The New York City housing market is a shitshow. It favors the rich, the plentiful at the expense of largely the people who've made this city what it is culturally—immigrants, renters, working class people black, brown, Asian, and white too. This is very well known, but I'm not sure many of us who either don’t live there or who live through that struggle see how massive the inequity is when you look at it from the bigger picture. Cringy title aside, Slumlord Millionaire pulls zero punches outlining that, the rage and unflinching hope for justice NYC residents yearn for.

Across five boroughs, the film passes through the lives of these everyday New Yorkers, their hurdles examined and felt, deeply, out through the screen. The Bravo family and their 15 year battle against devious landlords; Chinatown residents priced out for luxury towers; city council hopeful Moumita Ahmed whose housing plans were ravaged by real estate billionaires; former supermodel Janina Davis and the many other black building owners who get their residences swindled out from under them by fraudsters. Documentarians Steph Ching and Ellen Martinez place these stories under a microscope so as to zoom out into the macro of what they actually mean in conversation with each other, systematically speaking. 
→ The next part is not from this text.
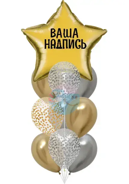 Шары закреплены на утяжелителе — при необходимости их можно распустить под потолок. Фонтан «Блеск» с надписью доставим в защитном пакете (сохранит чистоту и обережет от влаги при перевозке).

We get glimpses into how taxing it can be for these families and individuals, the process of keeping records, receipts (sometimes duffel bags full of them) for court dates that might not come, or of the very aggressive measures landlords take—ignoring repairs, switching off the heat and gas, etc—to make a profit and block out someone's generational livelihood. Checks and balances are exposed for its failures and the toll incurred by human beings trying to live where larger powers see a personal playground. For the older generation it's a fitful reminder of how precarious housing is. And for the younger gen, in a time when TikTok feeds filter the New York experience as an aspirational fantasy, something like Slumlord Millionaire is essentially invaluable by exposing the faultlines, the sinewy anatomy of folks in between the “aesthetic”.

Gentrification is an easy catch all for any issue of housing going on through the boroughs, it's applicable, but it often obscures the severe layers of abuse that go on citywide: price gouging in Chinatown, gerrymandering in Jamaica, Queens, tenant abuse in Sunset Park, the deed theft all across Brooklyn. The doc is smart enough to notice the forest for the trees without denying the trees their time in the sun to soak in the individual costs the rent crisis has created. Not just systems and statistics: it’s real people in flux, these are whole communities in trouble. Ching and Martinez visualize how expensive racism is through the anecdotes, residents whose day to day are screwed up magnificently for billions of dollars the city will just fumble to keep up these disparities between class, race, monetary lines. Nevertheless it's an invigorating film, because no matter the pain or suffering, it still ends on as much a note of action as it can: people will fight, people will thrive, they will throw hands for the safety they deserve in their own homes. Housing is a human right, unequivocally.

Catch it when you can, in U.S. theaters June 6th.